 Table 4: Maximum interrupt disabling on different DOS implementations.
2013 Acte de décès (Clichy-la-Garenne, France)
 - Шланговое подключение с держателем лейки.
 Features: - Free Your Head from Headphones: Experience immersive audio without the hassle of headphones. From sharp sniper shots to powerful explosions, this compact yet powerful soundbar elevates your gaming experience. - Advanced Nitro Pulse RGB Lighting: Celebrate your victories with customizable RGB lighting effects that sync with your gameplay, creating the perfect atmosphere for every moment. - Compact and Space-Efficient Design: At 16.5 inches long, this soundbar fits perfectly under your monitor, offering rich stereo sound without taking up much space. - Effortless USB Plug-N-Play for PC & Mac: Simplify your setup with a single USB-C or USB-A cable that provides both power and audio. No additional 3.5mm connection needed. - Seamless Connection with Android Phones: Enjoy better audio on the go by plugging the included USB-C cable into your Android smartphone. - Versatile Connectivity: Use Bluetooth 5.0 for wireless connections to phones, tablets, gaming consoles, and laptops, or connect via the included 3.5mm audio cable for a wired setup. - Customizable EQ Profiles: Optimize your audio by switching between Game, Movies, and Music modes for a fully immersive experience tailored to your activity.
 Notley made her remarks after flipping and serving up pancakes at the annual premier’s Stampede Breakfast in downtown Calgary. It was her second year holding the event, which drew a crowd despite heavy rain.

────────

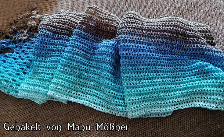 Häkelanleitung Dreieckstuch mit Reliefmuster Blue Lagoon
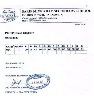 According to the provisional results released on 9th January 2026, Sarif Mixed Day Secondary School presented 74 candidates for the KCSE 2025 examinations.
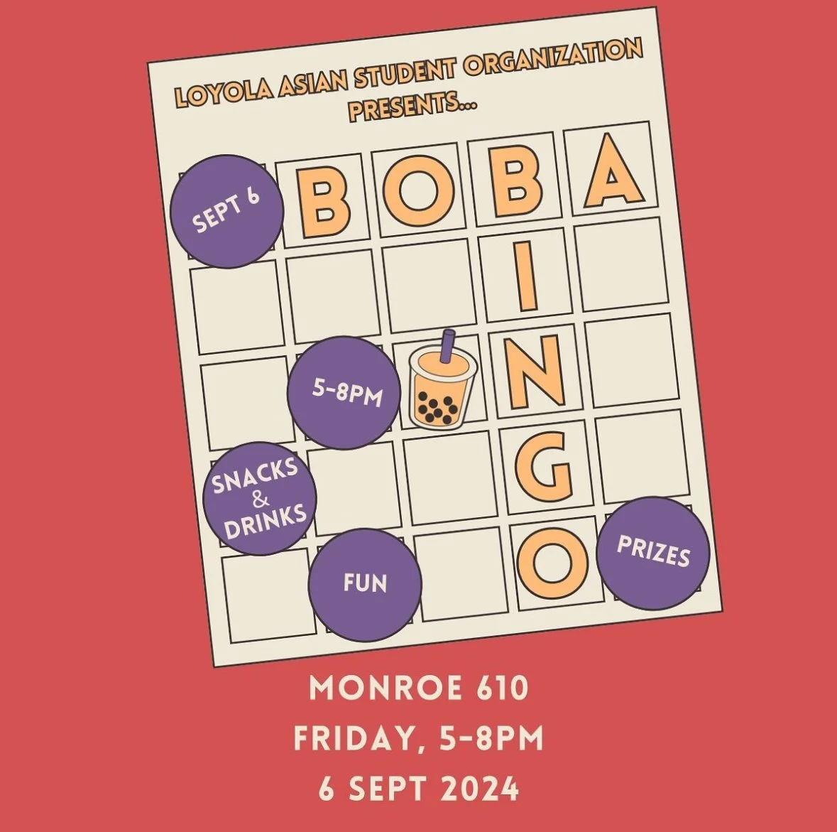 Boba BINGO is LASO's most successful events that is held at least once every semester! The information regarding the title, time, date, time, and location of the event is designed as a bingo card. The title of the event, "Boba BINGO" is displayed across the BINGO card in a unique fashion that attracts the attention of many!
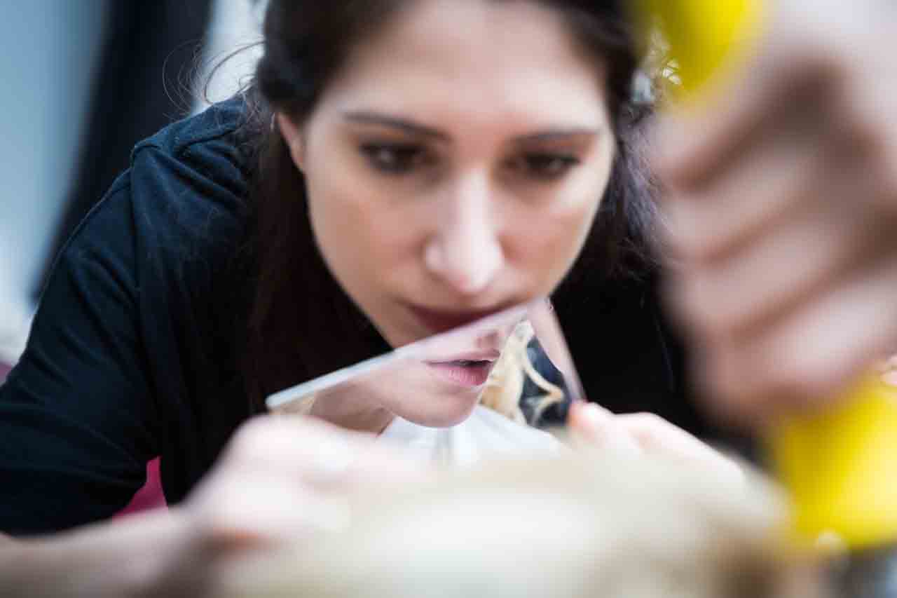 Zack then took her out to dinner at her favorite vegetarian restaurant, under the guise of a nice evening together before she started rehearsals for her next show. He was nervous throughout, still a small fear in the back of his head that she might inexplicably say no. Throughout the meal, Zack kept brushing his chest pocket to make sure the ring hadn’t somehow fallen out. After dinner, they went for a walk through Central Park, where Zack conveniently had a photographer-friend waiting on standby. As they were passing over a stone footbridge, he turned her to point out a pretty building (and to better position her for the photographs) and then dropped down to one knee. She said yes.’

────────

Look above for the line holding "- Шланговое подключение с держателем лейки.". Print it and every line after it, exactly, through the line holding "Notley made her".

 - Шланговое подключение с держателем лейки.
 Features: - Free Your Head from Headphones: Experience immersive audio without the hassle of headphones. From sharp sniper shots to powerful explosions, this compact yet powerful soundbar elevates your gaming experience. - Advanced Nitro Pulse RGB Lighting: Celebrate your victories with customizable RGB lighting effects that sync with your gameplay, creating the perfect atmosphere for every moment. - Compact and Space-Efficient Design: At 16.5 inches long, this soundbar fits perfectly under your monitor, offering rich stereo sound without taking up much space. - Effortless USB Plug-N-Play for PC & Mac: Simplify your setup with a single USB-C or USB-A cable that provides both power and audio. No additional 3.5mm connection needed. - Seamless Connection with Android Phones: Enjoy better audio on the go by plugging the included USB-C cable into your Android smartphone. - Versatile Connectivity: Use Bluetooth 5.0 for wireless connections to phones, tablets, gaming consoles, and laptops, or connect via the included 3.5mm audio cable for a wired setup. - Customizable EQ Profiles: Optimize your audio by switching between Game, Movies, and Music modes for a fully immersive experience tailored to your activity.
 Notley made her remarks after flipping and serving up pancakes at the annual premier’s Stampede Breakfast in downtown Calgary. It was her second year holding the event, which drew a crowd despite heavy rain.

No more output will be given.